The grand strategy of George W. Bush

In January we noted the Foreign Policy article on the Bush Doctrine by Yale history professor John Lewis Gaddis in our post “The Bush Doctine as grand strategy.” (The article does not appear to be available online now.) Professor Gaddis has expanded the article into a book (Surprise, Security, and the American Experience) due out next month, and the book is the occasion for today’s Boston Globe article “Grand old policy.”
Professor Gaddis is the preeminent American diplomatic historian. His 1998 We Now Know: Rethinking Cold War History is a debate-closing book on the longstanding academic controversy over the origin of the Cold War. In addition to his purely historical pursuits, Professor Gaddis’s academic interests include the revival of the study of grand strategy.
Laura Secor is the author of the Globe article, and she frames Gaddis’s thesis with the skepticism that the typical Globe reader would bring to it:

Every president makes foreign policy.

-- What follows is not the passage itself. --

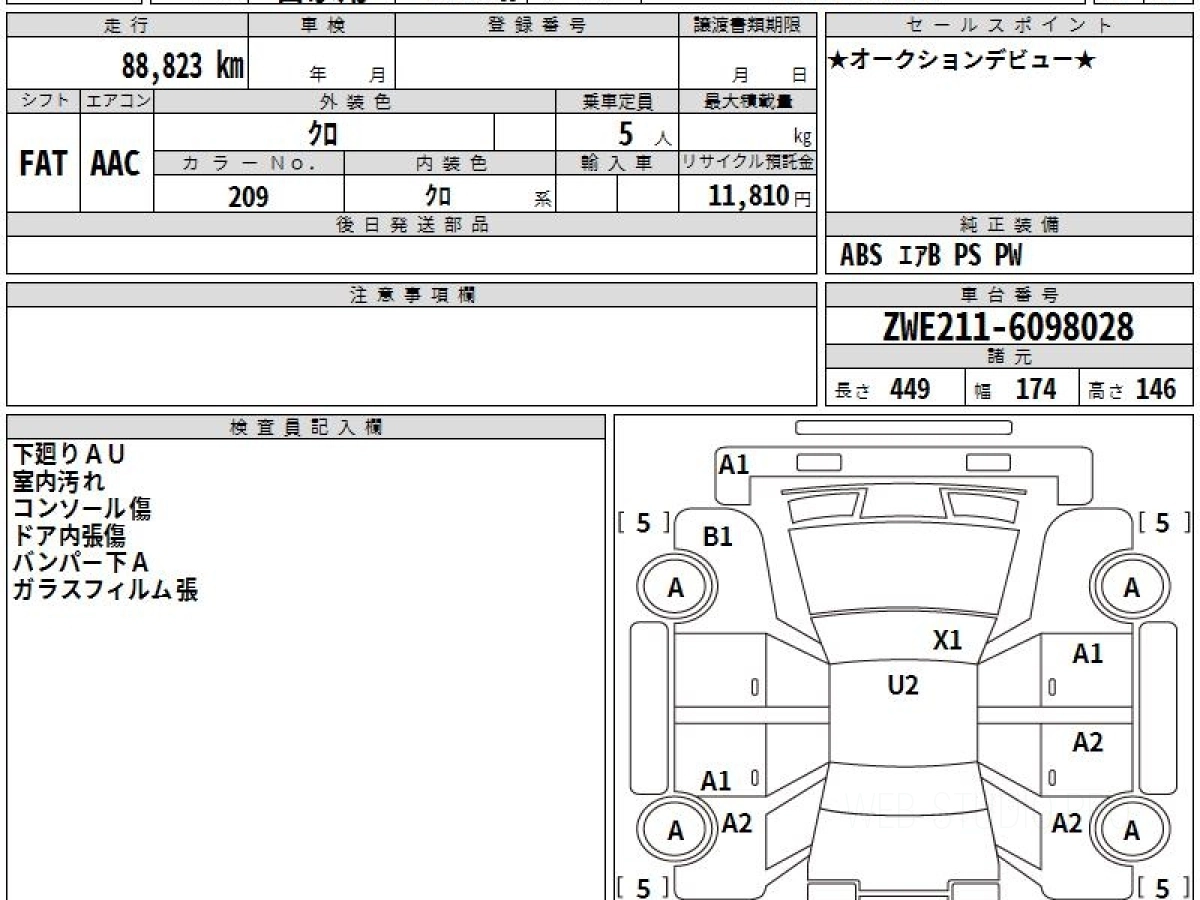 Оценка аукциона: 4, что гарантирует хорошее техническое и косметическое состояние кузова и салона.

Only a select few, over the sweep of history, design what scholars term grand strategy.
Grand strategy is the blueprint from which policy follows. It envisions a country’s mission, defines its interests, and sets its priorities. Part of grand strategy’s grandeur lies in its durability: A single grand strategy can shape decades, even centuries, of policy.
Who, then, have been the great grand strategists among American statesmen? According to a slim forthcoming volume by John Lewis Gaddis, the Yale historian whom many describe as the dean of Cold War studies and one of the nation’s most eminent diplomatic historians, they are John Quincy Adams, Franklin Delano Roosevelt, and George W. Bush.
Gaddis knows the latter name may bring a number of his colleagues up short. Critics charge that President Bush is a lightweight, Gaddis laments, and they do so because the president is a generalist who prefers the big picture to its details. Over lunch at Mory’s, Yale’s tweedy private dining club, Gaddis suggests that academics underrate Bush because they overvalue specialized knowledge. In reality, as his new book asserts, after Sept. 11, 2001, Bush underwent “one of the most surprising transformations of an underrated national leader since Prince Hal became Henry V.”

Professor Gaddis not only credits President Bush with formulating a successsor to the Rooseveltian postwar grand strategy that was appropriate to America’s post-9/11 circumstances, but also with early success in applying the strategy:

The postwar United States extended its sphere of influence partly through generous economic aid, partly through the alliance system, and largely by the consent of the states in its orbit. So long as the Soviet Union was around, small states always knew that there was something worse than American domination.
The end of the Cold War changed all that — and found the United States without a grand strategy. President Bill Clinton, says Gaddis, thought that “globalization and democratization were irreversible processes, therefore we didn’t need a grand strategy. Clinton said as much at one point. I think that was shallow. I think they were asleep at the switch.”
Enter Prince Hal. The Bush administration, marvels Gaddis, undertook a decisive and courageous reassessment of American grand strategy following the shock of the 9/11 attacks. At his doctrine’s center, Bush placed the democratization of the Middle East and the urgent need to prevent terrorists and rogue states from getting nuclear weapons. Bush also boldly rejected the constraints of an outmoded international system that was really nothing more than a “snapshot of the configuration of power that existed in 1945,” Gaddis says.
Despite the dark predictions of critics, Gaddis writes, so far the military action in Iraq has produced “a modest improvement in American and global economic conditions; an intensified dialogue within the Arab world about political reform; a withdrawal of American forces from Saudi Arabia . . .; and an increasing nervousness on the part of the Syrian and Iranian governments as they contemplated the consequences of being surrounded by American clients or surrogates.” Indeed, Gaddis writes, the United States has emerged “as a more powerful and purposeful actor within the international system than it had been on Sept. 11, 2001.”
That’s not to say that the Bush administration has behaved flawlessly. Gaddis says, “They don’t give enough weight to how frightening it can be if you have that much power and then you deploy it, and you deploy language foolishly.” Nonetheless, he stresses, “I do take them very seriously. I do think Bush is in charge himself, and has been very underrated as a leader in all of this just as Ronald Reagan was underrated.”

Secor also sought out distinguished academic critics of Gaddis’s thesis, whom she quotes in the article. This is a serious piece of journalism on an important subject.
UPDATE: Peter Schramm has a wonderful comment on Secor’s piece in his post on it at No Left Turns.
MORE: Benjamin Udell has kindly forwarded us a current link to Professor Gaddis’s Foreign Policy article: “A grand strategy of transformation.”